Oh my God! I'm a rage-aholic! I just can't live without rage-ahol!

Wednesday, May 04, 2005

You use it to make beer!

I am thoroughly struck by Cameron Diaz and her army of chimps as they trek through rainforests in the name of "environmentalism." Okay, so what if I stole this story from The Daily Show. It was far too amusing to pass on. If you look at her face, the stupidity is written all across it, the dumbfounded look fully glazed across her eyes. And this is what actually semi-legitimate leftists agendas have come down to: complete exploitation by pop culture to sell to my generation's lazy, extravagant, and inconsequential attitude.

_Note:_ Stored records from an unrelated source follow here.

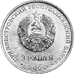 в центре – изображение Государственного герба Приднестровской Молдавской Республики; по кругу – надписи: вверху – «ПРИДНЕСТРОВСКИЙ РЕСПУБЛИКАНСКИЙ БАНК», внизу – год выпуска монеты «2020»; в нижней части под гербом – номинал «3 РУБЛЯ».
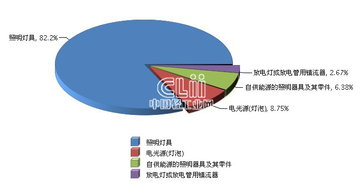 2014年1~3月照明行业累计出口额商品结构分布情况
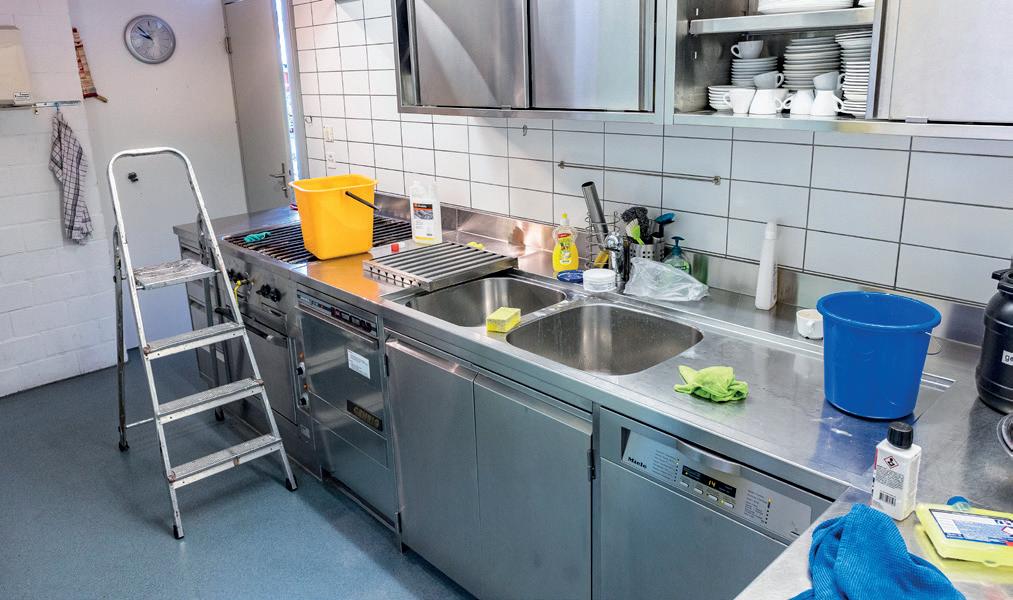 Kurze Zeit später wird rund um das Clubhaus emsig gearbeitet. Es ist Herbst und das Laub muss entfernt werden. Ein Dank an das elektrische Gebläse. Auch auf der Terrasse liegt das Laub, vor allem in der Dachrinne. Im Haus selber wird der Staub auf den Deckenbalken und an den Wänden entfernt, damit die Fenster anschliessend gereinigt werden können. Die Küche ist jedes Jahr ein Thema. Fett- und Schmutzanhaftungen sind besonders hartnäckig.
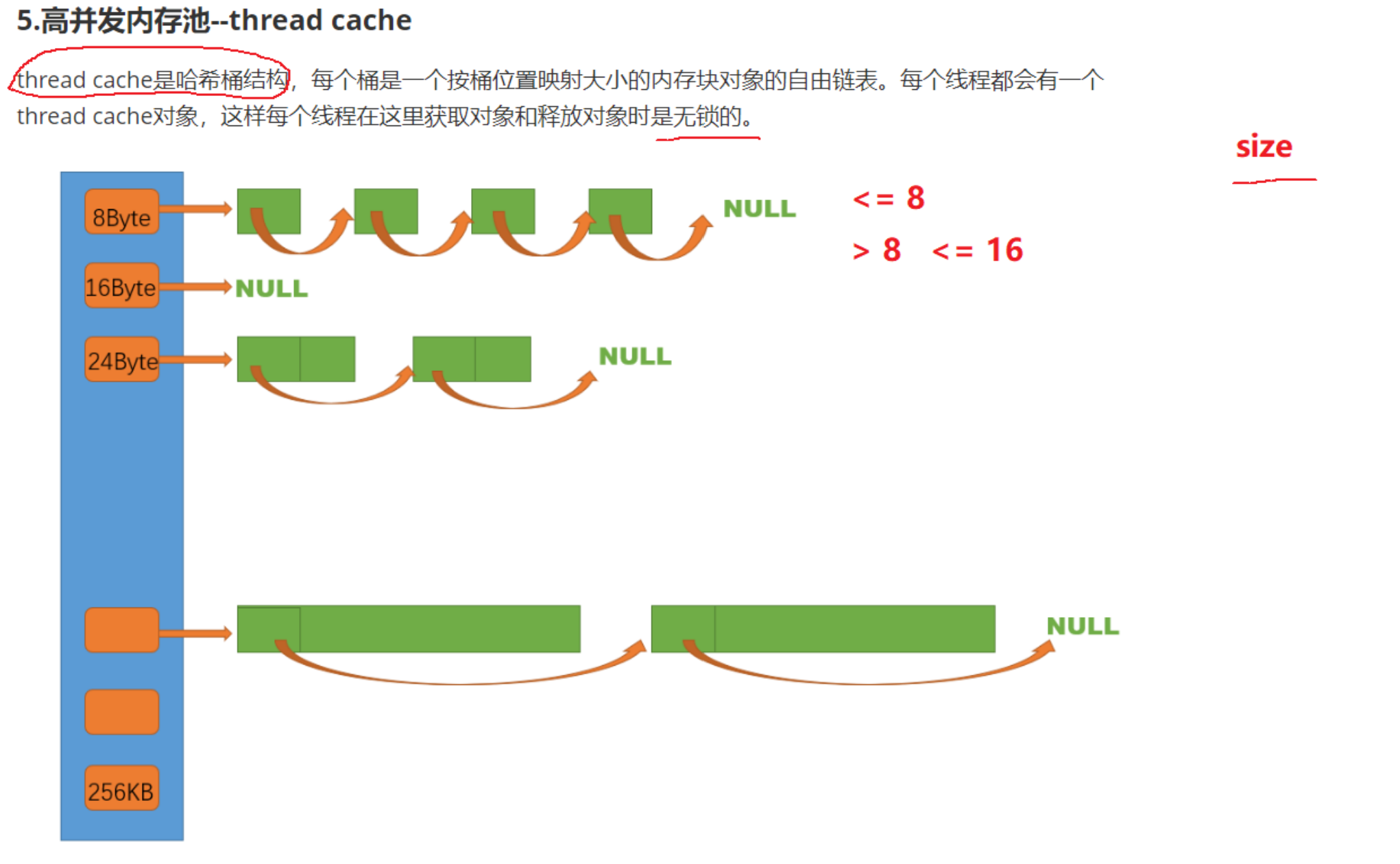 分析:thread cache是哈希桶结构,实现时用数组来记录每个桶的起始指针。其中每个桶是定长字节数的自由链表。每个线程都会有一个thread cache对象。

To quote USA Today (as pointed out by Lewis Black):
[Kid] Rock, Diaz says, initially scoffed at their talk about the importance of clean waterways. "He was like, 'I don't need any water.' We were like, 'You need water to make beer!' He was like, 'Oh, my God!'"

And I was like, "He totally bathes in beer when he's not shooting rats at the dumpster."

On Eva Mendes:
"She couldn't get up (alone) in the middle of the night to go to the bathroom because she was afraid she'd run into a spider. She can't even SEE a spider," Diaz says.

Yes, and every time I see an HIV retrovirus I run and scream, "OH MY GOD! KILL IT! KILL IT!"

"I don't think that kids know that the world's available to them," Diaz says. She hopes Trippin' will get them to follow some grumpy-dad-type advice about saving electricity and other resources.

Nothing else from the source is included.